- [TASK ITEM] Repeat exactly the lines beginning at the one that contains "En el cantón" and running to the end of the material. Omit the pictures.
►
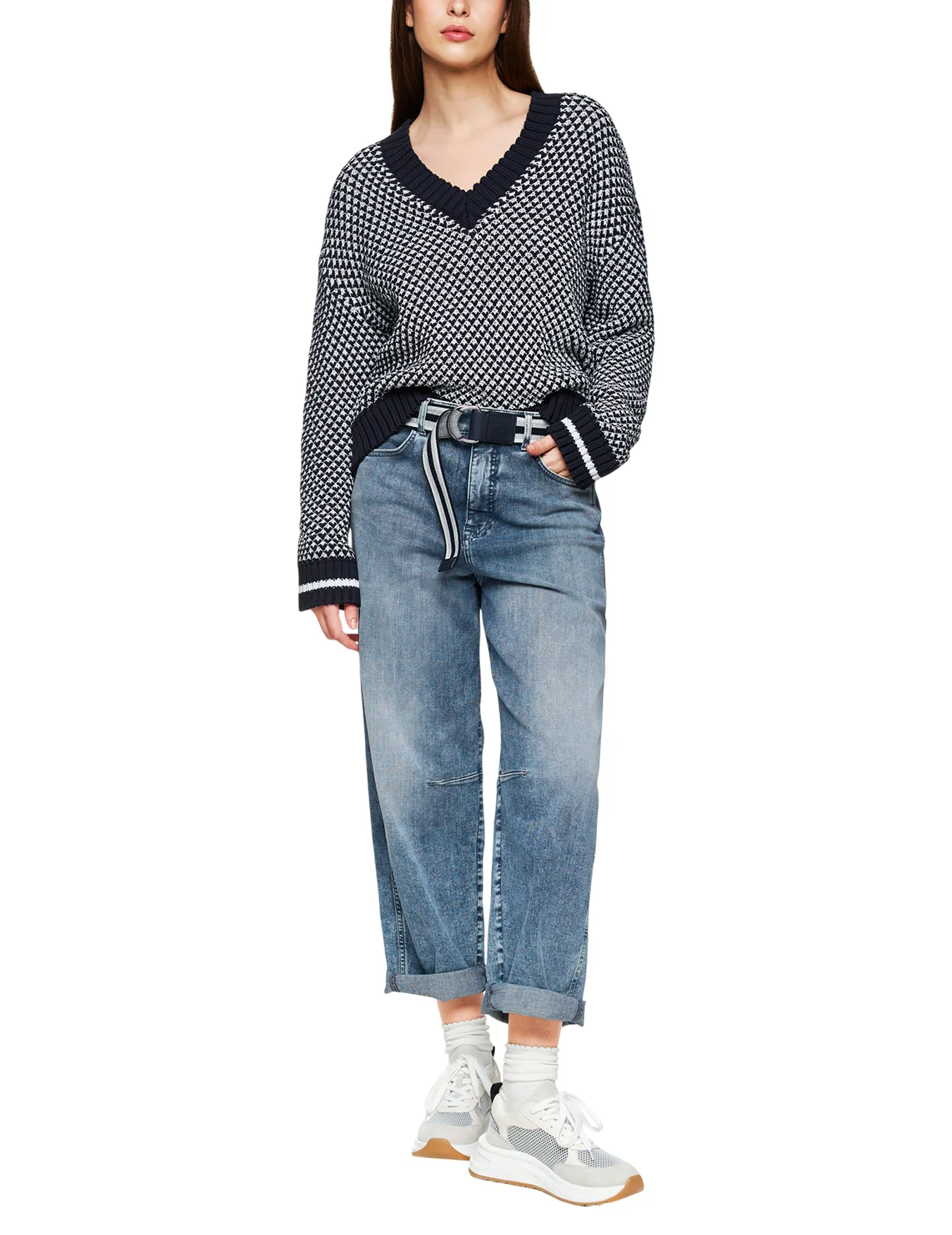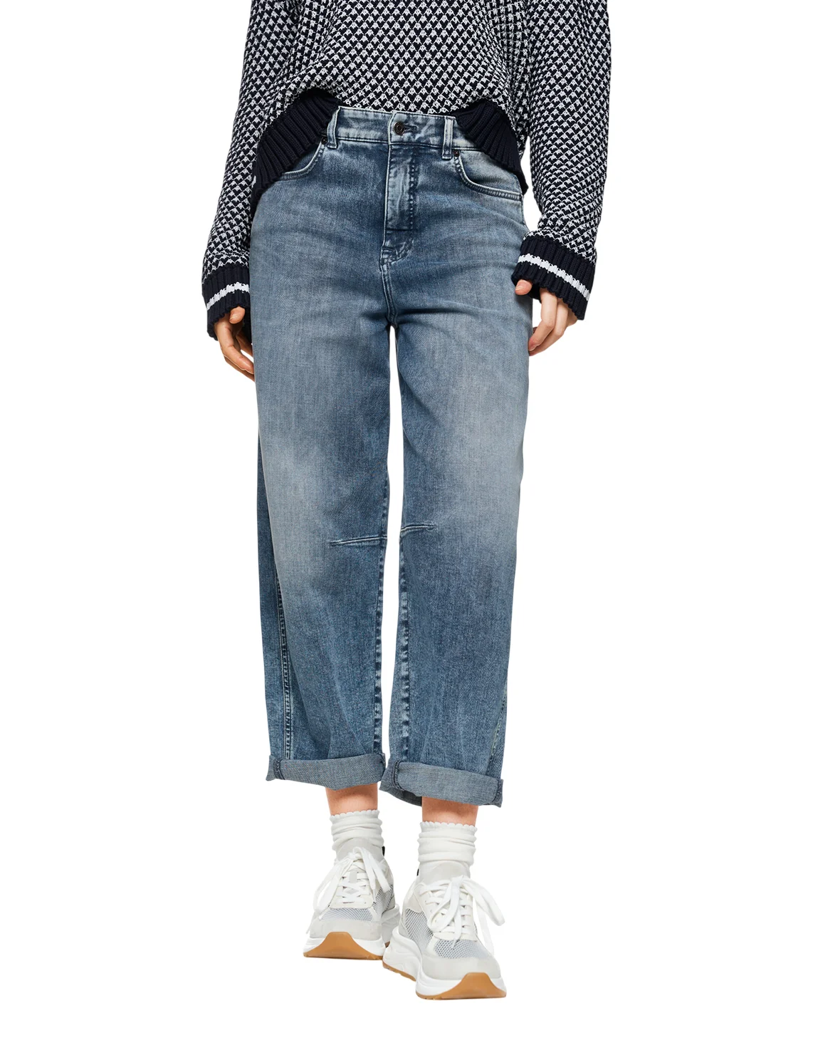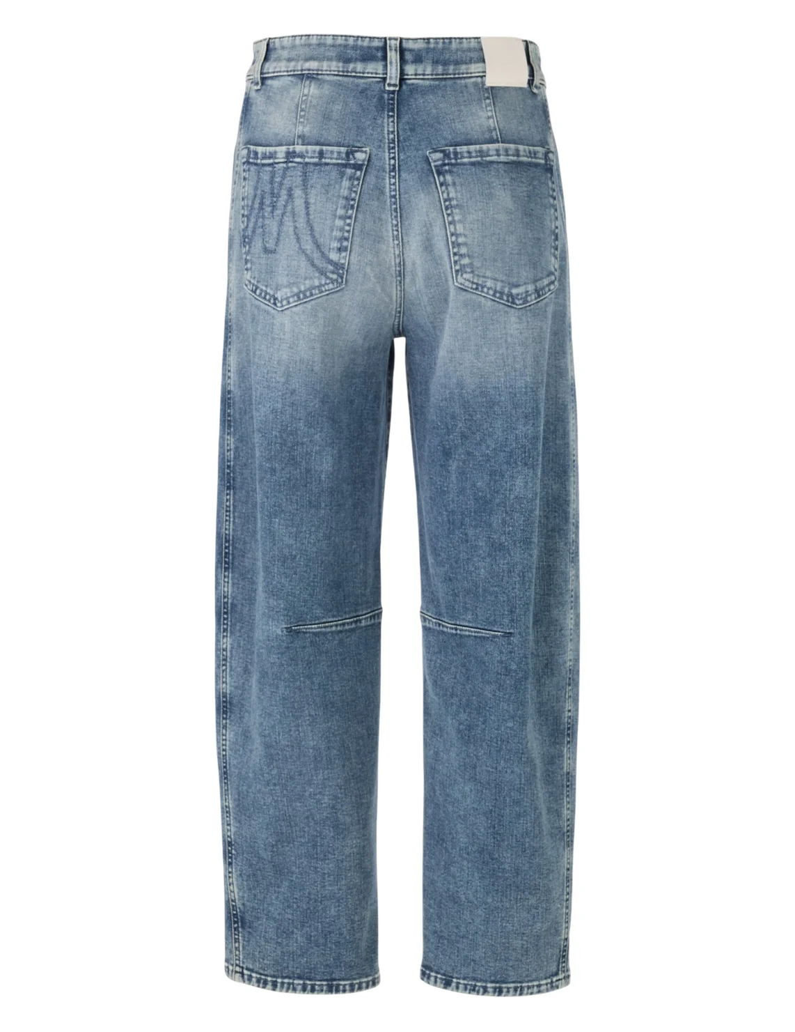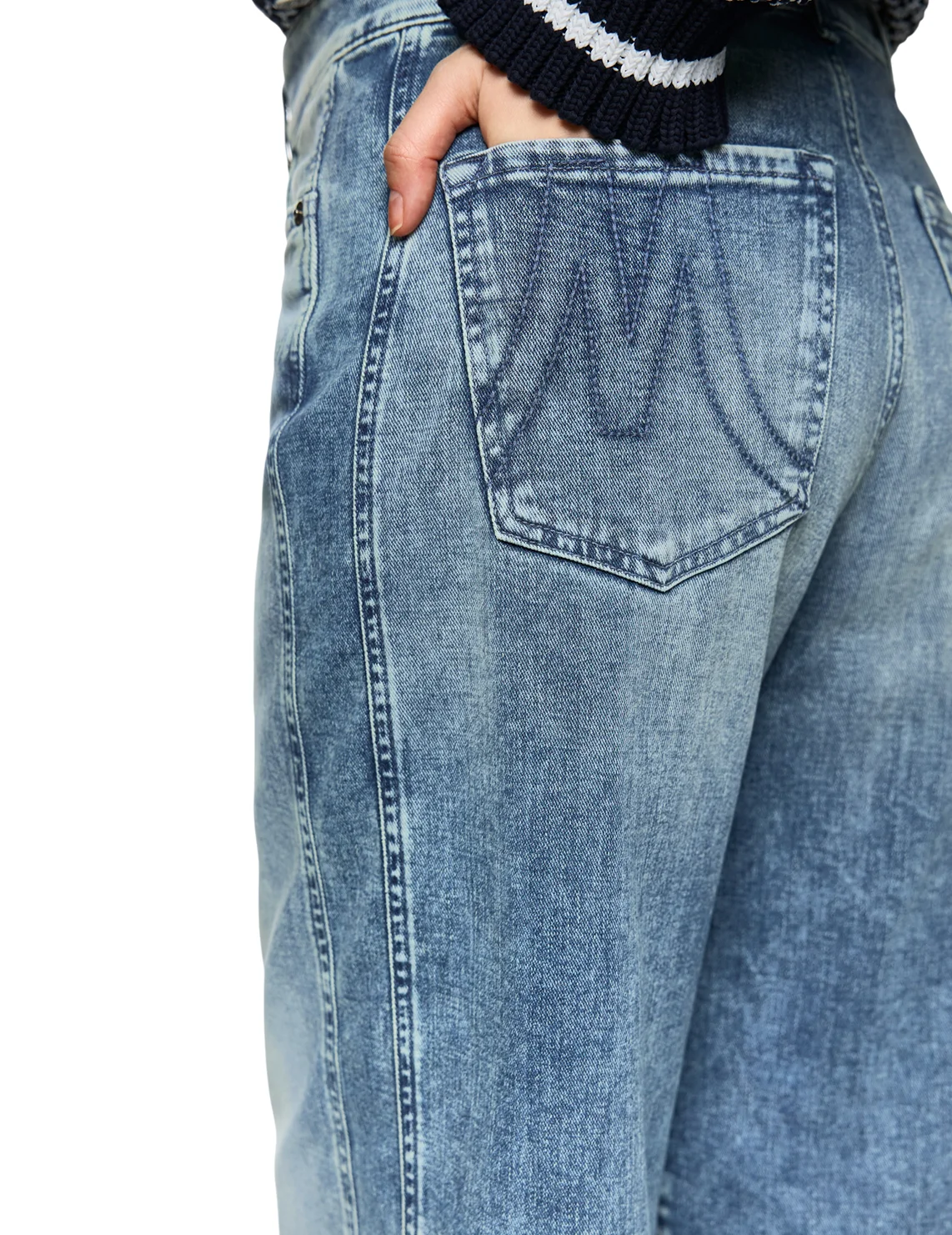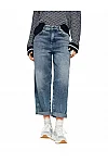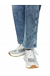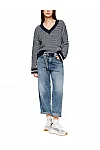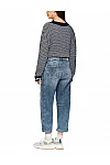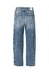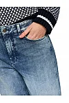 Джинси виготовлені з бавовни, еластомультіестеру й еластану. Модель виконана у прямому крої. Має петлі для ременя, приховану застібку-блискавку з ґудзиком, а також пару передніх і пару задніх накладних кишень. Декоровані бічними швами біля колін.
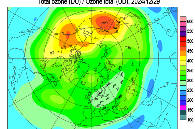 Žemėlapyje – ozono sluoksnio storis (DU vienetais) šiauriniame pusrutulyje 2024 m. gruodžio 29 dieną. Šaltinis: pasaulinis ozono ir ultravioletinės Saulės spinduliuotės duomenų centras (WOUDC).
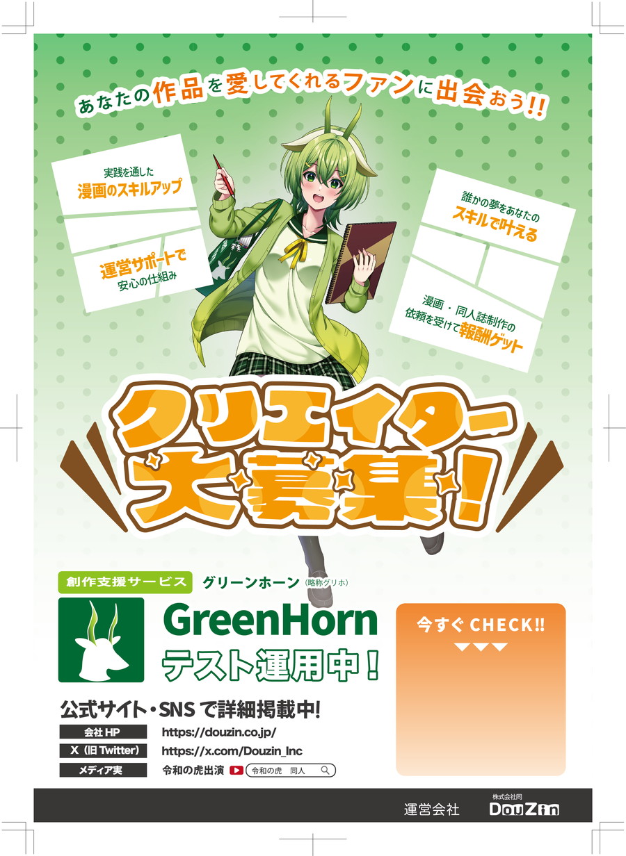 「GreenHorn」は、漫画・同人誌などのクリエイティブ分野で、依頼者とクリエイターが安心して制作を進められる掲示板型マッチングサービス。権利保護、支払いの明確化、進行管理を備え、個人クリエイターでも安全に取引できる仕組みを提供している。
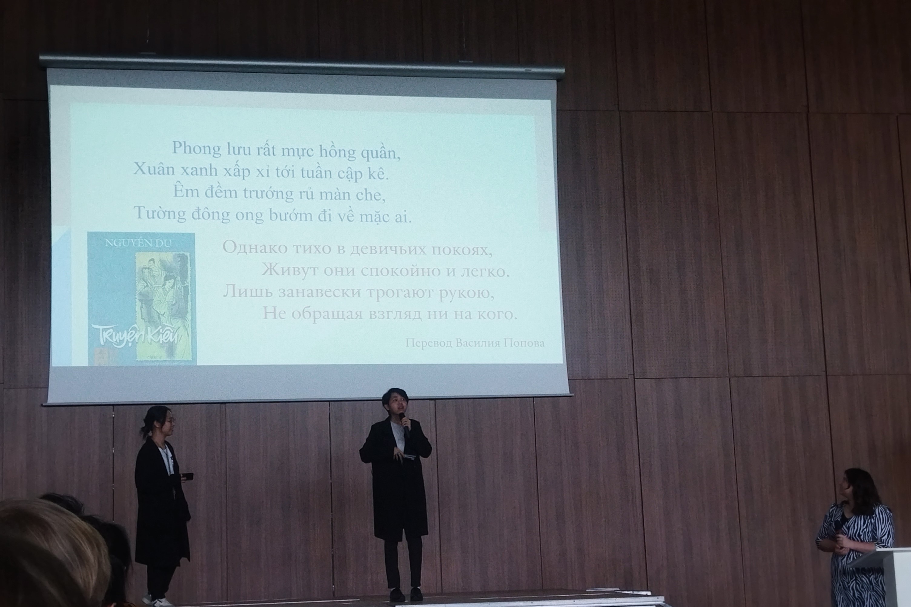 Поделились выступающие и замечательными стихотворениями, знаковыми для их культуры. Студенты из Вьетнама рассказали о поэте Нгуен Зу, который во Вьетнаме так же значим, как и у нас Александр Пушкин, и артистично прочитали отрывок его поэмы в оригинале; представители КНДР продолжили тему Родины трогательным прочтением своих стихотворений. Прозвучало даже стихотворение собственного сочинения от участника Того, исполненное им на французском языке.
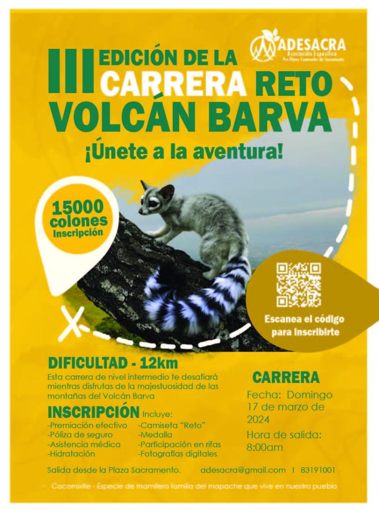 En el cantón de Barva en Heredia, se desarrollará la tercera edición de la carrera Reto Barva, con el fin de recaudar fondos para la restauración de la escuela de Sacramento.
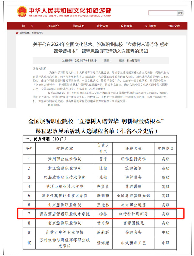 本网讯(文旅学院 杨栋)近日,文化和旅游部科技教育司发布了《关于公布2024年全国文化艺术、旅游职业院校“立德树人谱芳华 躬耕课堂铸根本”课程思政展示活动入选课程的通知》,万象城官网文旅学院杨栋老师主持的课程《旅行社计调实务》入选优秀课程。
◄
- [RESULT OF THE TASK]
 En el cantón de Barva en Heredia, se desarrollará la tercera edición de la carrera Reto Barva, con el fin de recaudar fondos para la restauración de la escuela de Sacramento.
 本网讯(文旅学院 杨栋)近日,文化和旅游部科技教育司发布了《关于公布2024年全国文化艺术、旅游职业院校“立德树人谱芳华 躬耕课堂铸根本”课程思政展示活动入选课程的通知》,万象城官网文旅学院杨栋老师主持的课程《旅行社计调实务》入选优秀课程。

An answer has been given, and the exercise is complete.